JAKARTA, KOMPAS.TV – Harga bahan bakar minyak (BBM) jenis Pertamax naik jadi Rp16.250 per liter menuai beragam reaksi dari warga.
Seorang warga Karawang, Casmita, mengaku dirinya belum mengetahui informasi kenaikan harga Pertamax sebelum datang ke SPBU untuk mengisi bahan bakar kendaraannya.
“Tadi ada yang ngomong di pabrik, katanya naik. Saya kirain bohong, padahal beneran,” ujarnya di Karawang, Rabu (10/6/2026), dipantau dari video YouTube KompasTV.
Warga Jakarta, Dennis mengaku selama ini menggunakan Pertamax. Namun, usai adanya kenaikan harga, ia menganggap harga bahan bakar yang biasanya digunakannya itu menjadi mahal.

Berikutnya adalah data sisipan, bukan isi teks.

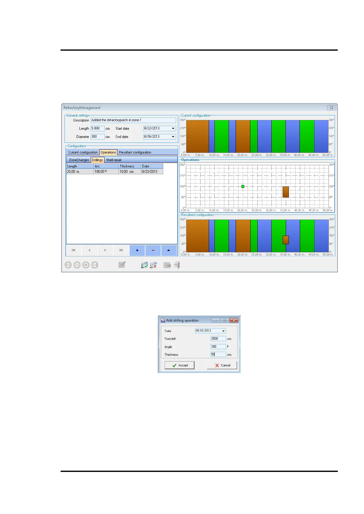 Within the dialog for adding/reviewing drillings, the user can define the date, position and thickness

Ia berharap harga Pertamax bisa turun atau ada solusi lain yang bisa ditawarkan pemerintah.
“Berharapnya turun lagi lah atau ada subsidi mungkin ya, buat win-win solution aja,” ungkapnya di Jakarta, Rabu.
Warga Jakarta yang lain, Fitri mengaku kaget usai mendapat informasi harga Pertamax naik. Pasalnya, ia sehari-hari menggunakan bahan bakar jenis itu.

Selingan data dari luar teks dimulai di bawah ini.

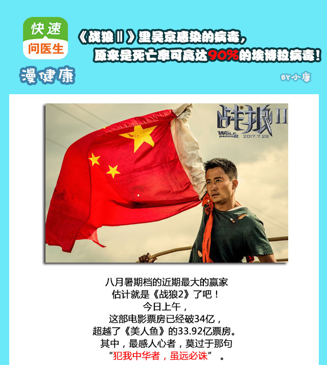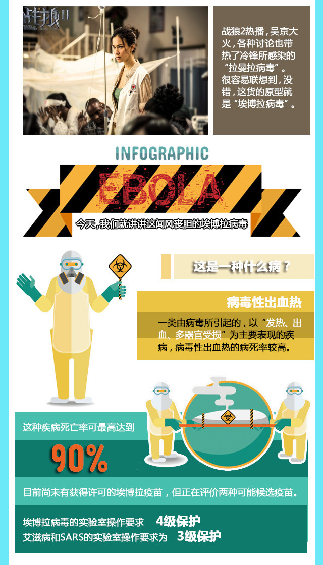 《战狼2》中的拉曼拉病毒只是出现配皮肤出疹的情况,其治愈速度也快得惊人。但电影是电影,现实生活中的埃博拉远远比电影出现的恐怖百倍:
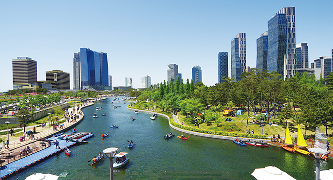 Songdo Central Park is a seawater park. The 1.8 km long waterway, designed to bring in seawater, shines in the sunlight. As one of Songdo’s main tourist attractions, it allows visitors to enjoy a water – taxi ride, water sports, and cycling. At night, the lights from the surrounding buildings and those illuminating the park create a stunning night view
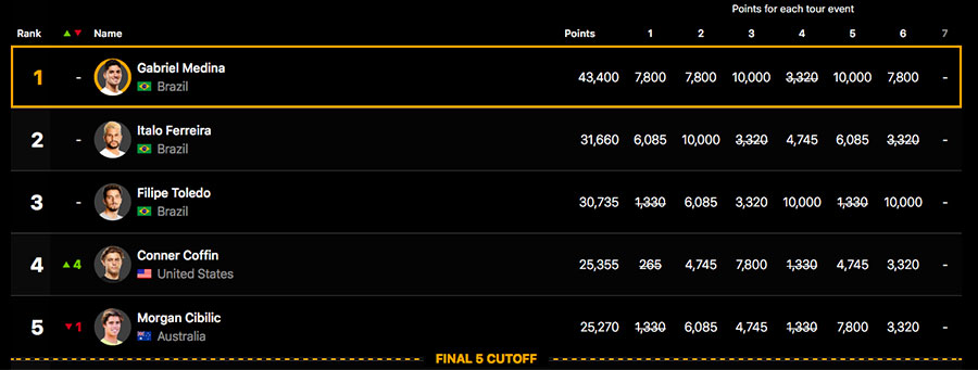 Something has changed in Gabriel Medina’s eyes. The fire is still there, but the intensity has changed. Not any less hot, but it’s less… fiery. It’s a deep coal, smoldering away, burned down after years of a blazing wildfire. He’s calmer, more relaxed, and having more fun, and it’s working for him. Coming into the World Surf League finals at Trestles, Gabriel Medina is sitting on a very substantial ratings lead: 11,740 points more than Italo Ferreira, who is in second place. For comparison, Filipe Toledo, who sits in third in the rankings, is just a little over 1,000 points behind Ferreira. That lead puts Medina as almost a sure-thing to win a third World Title at Trestles, at least in my mind. The only thing that might throw a wrench in his plans is the new format.

“Ya, kalau saya bilang sih lagi keberatan, kaget juga saya baru pagi-pagi ini dikasih tahu sama pegawai pomnya,” ucapnya di Jakarta, Rabu.

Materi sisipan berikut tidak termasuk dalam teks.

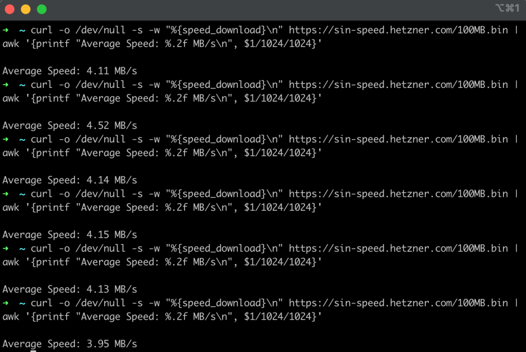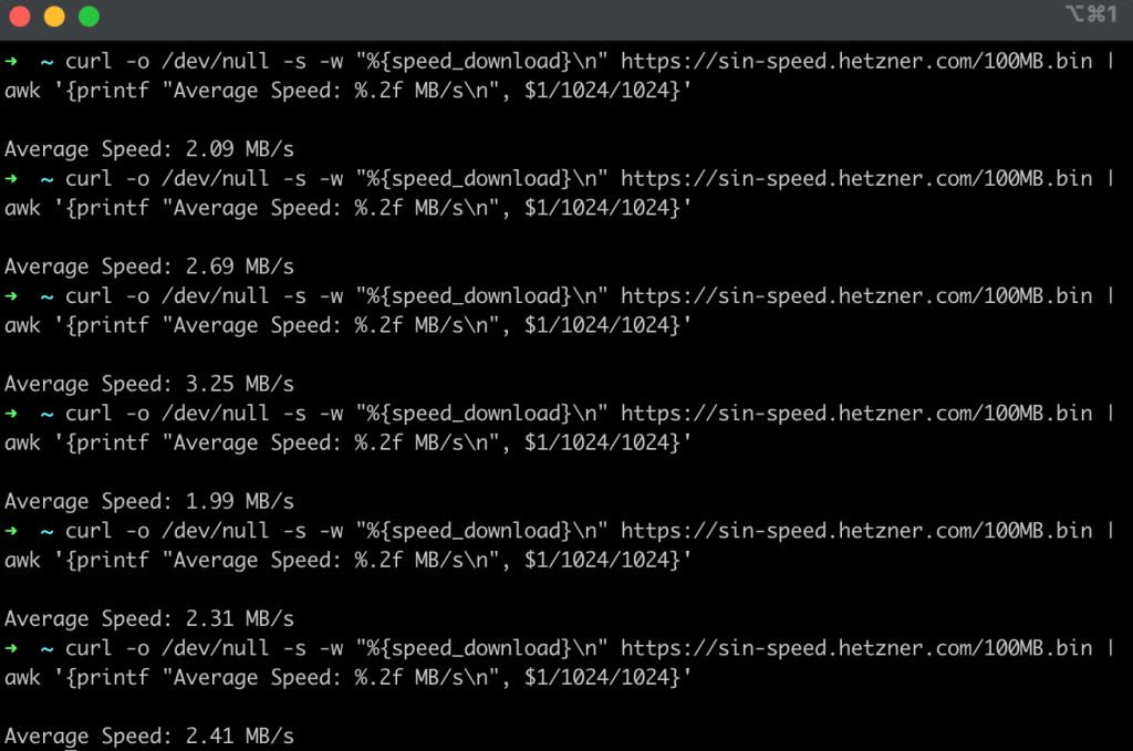 Figure 4: An example set of tests performed using curl testing download speeds downloading a 100 MB test file from Singapore with an average speed of around 2.0 MB/s.

Fitri mengaku mungkin akan mengubah pola penggunaan bahan bakarnya.
Ia kemungkinan akan menggunakan Pertamax di awal-awal bulan atau sehabis gajian, kemudian beralih ke Pertalite pada akhir bulan untuk lebih menghemat pengeluaran.
Warga Pejompongan Jakarta Pusat, Tio juga mengaku beralih ke Pertalite usai adanya kenaikan harga Pertamax.
“Semakin mahal ya, dari Rp12 ribu ke Rp16 ribu. Habis itu, ya mau gimana? Dolar udah naik, apa-apa semua serba naik, mau enggak mau jadi beralihlah yang ke murah,” ungkapnya mengenai alasannya beralih ke Pertalite, di Pejompongan, Rabu, dipantau dari program Sapa Indonesia Siang KompasTV.
Tio berharap bisa ada penurunan harga bahan bakar ke depannya. Ia juga berharap rupiah menguat supaya ekonomi makin stabil.
Dipantau dari program sama, tayangan KompasTV menunjukkan antrean panjang kendaraan yang ingin mengisi Pertalite di SPBU Pejompongan, Jakpus.
Antrean ini didominasi pengendara sepeda motor. Tampak ada sejumlah pengemudi ojek daring di antara antrean itu, ada juga warga biasa yang mengendarai sepeda motor mengantre bahan bakar Pertalite di SPBU tersebut.